Copy the lines below exactly. No picture goes into the copy.

Recorded information: Begin

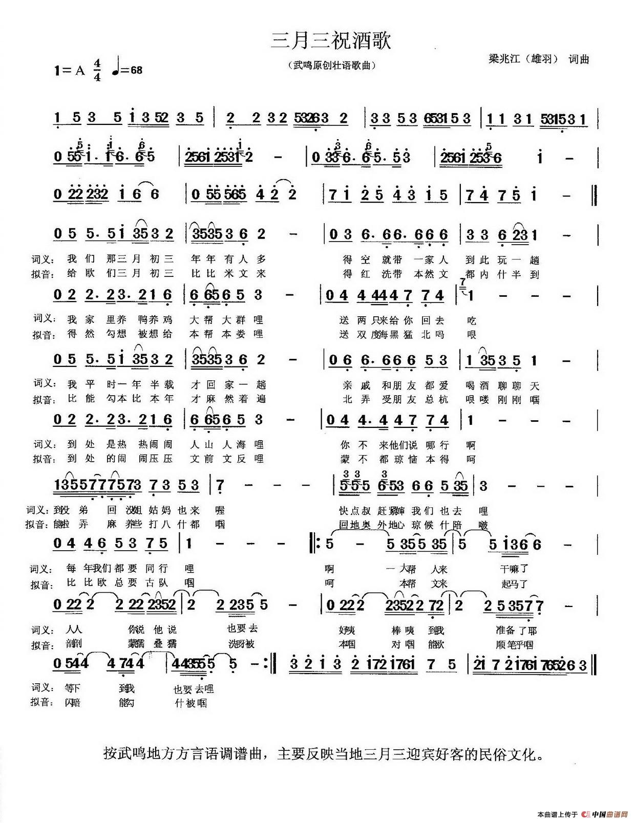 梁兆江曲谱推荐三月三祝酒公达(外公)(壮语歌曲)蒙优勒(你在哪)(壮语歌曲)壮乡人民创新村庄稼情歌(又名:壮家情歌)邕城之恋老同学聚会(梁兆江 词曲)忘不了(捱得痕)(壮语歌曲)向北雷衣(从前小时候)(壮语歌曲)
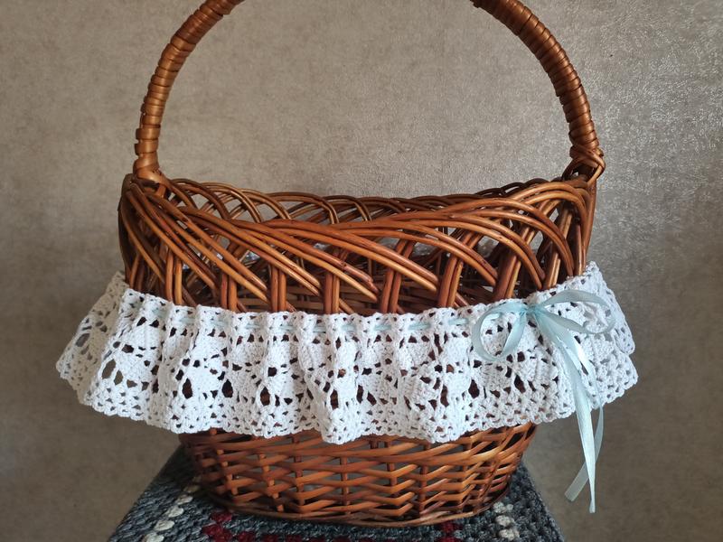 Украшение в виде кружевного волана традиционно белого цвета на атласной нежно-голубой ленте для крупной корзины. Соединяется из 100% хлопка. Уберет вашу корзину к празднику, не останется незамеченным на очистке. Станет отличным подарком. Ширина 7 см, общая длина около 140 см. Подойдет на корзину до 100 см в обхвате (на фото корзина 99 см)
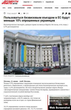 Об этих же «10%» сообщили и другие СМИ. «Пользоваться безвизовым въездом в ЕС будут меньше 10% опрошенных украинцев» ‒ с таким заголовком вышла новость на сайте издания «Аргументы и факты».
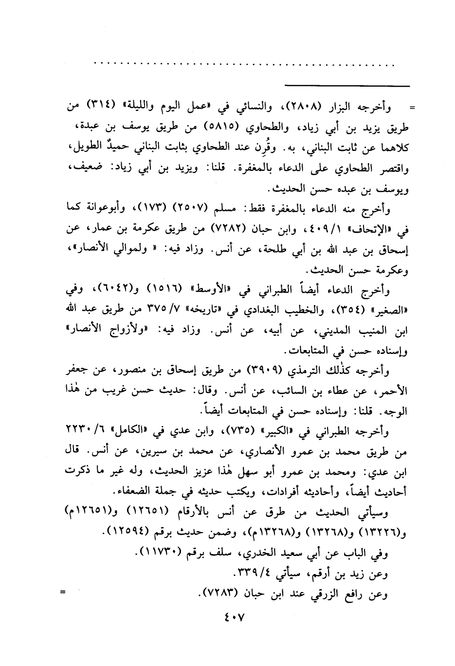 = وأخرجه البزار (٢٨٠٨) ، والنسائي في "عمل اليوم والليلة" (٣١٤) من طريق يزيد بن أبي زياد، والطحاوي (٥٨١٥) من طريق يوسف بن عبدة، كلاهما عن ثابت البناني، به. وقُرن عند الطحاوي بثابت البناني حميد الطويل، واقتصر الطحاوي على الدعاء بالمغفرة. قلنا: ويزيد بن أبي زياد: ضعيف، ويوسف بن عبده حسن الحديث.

Recorded information: End

Problem solution ->
 梁兆江曲谱推荐三月三祝酒公达(外公)(壮语歌曲)蒙优勒(你在哪)(壮语歌曲)壮乡人民创新村庄稼情歌(又名:壮家情歌)邕城之恋老同学聚会(梁兆江 词曲)忘不了(捱得痕)(壮语歌曲)向北雷衣(从前小时候)(壮语歌曲)
 Украшение в виде кружевного волана традиционно белого цвета на атласной нежно-голубой ленте для крупной корзины. Соединяется из 100% хлопка. Уберет вашу корзину к празднику, не останется незамеченным на очистке. Станет отличным подарком. Ширина 7 см, общая длина около 140 см. Подойдет на корзину до 100 см в обхвате (на фото корзина 99 см)
 Об этих же «10%» сообщили и другие СМИ. «Пользоваться безвизовым въездом в ЕС будут меньше 10% опрошенных украинцев» ‒ с таким заголовком вышла новость на сайте издания «Аргументы и факты».
 = وأخرجه البزار (٢٨٠٨) ، والنسائي في "عمل اليوم والليلة" (٣١٤) من طريق يزيد بن أبي زياد، والطحاوي (٥٨١٥) من طريق يوسف بن عبدة، كلاهما عن ثابت البناني، به. وقُرن عند الطحاوي بثابت البناني حميد الطويل، واقتصر الطحاوي على الدعاء بالمغفرة. قلنا: ويزيد بن أبي زياد: ضعيف، ويوسف بن عبده حسن الحديث.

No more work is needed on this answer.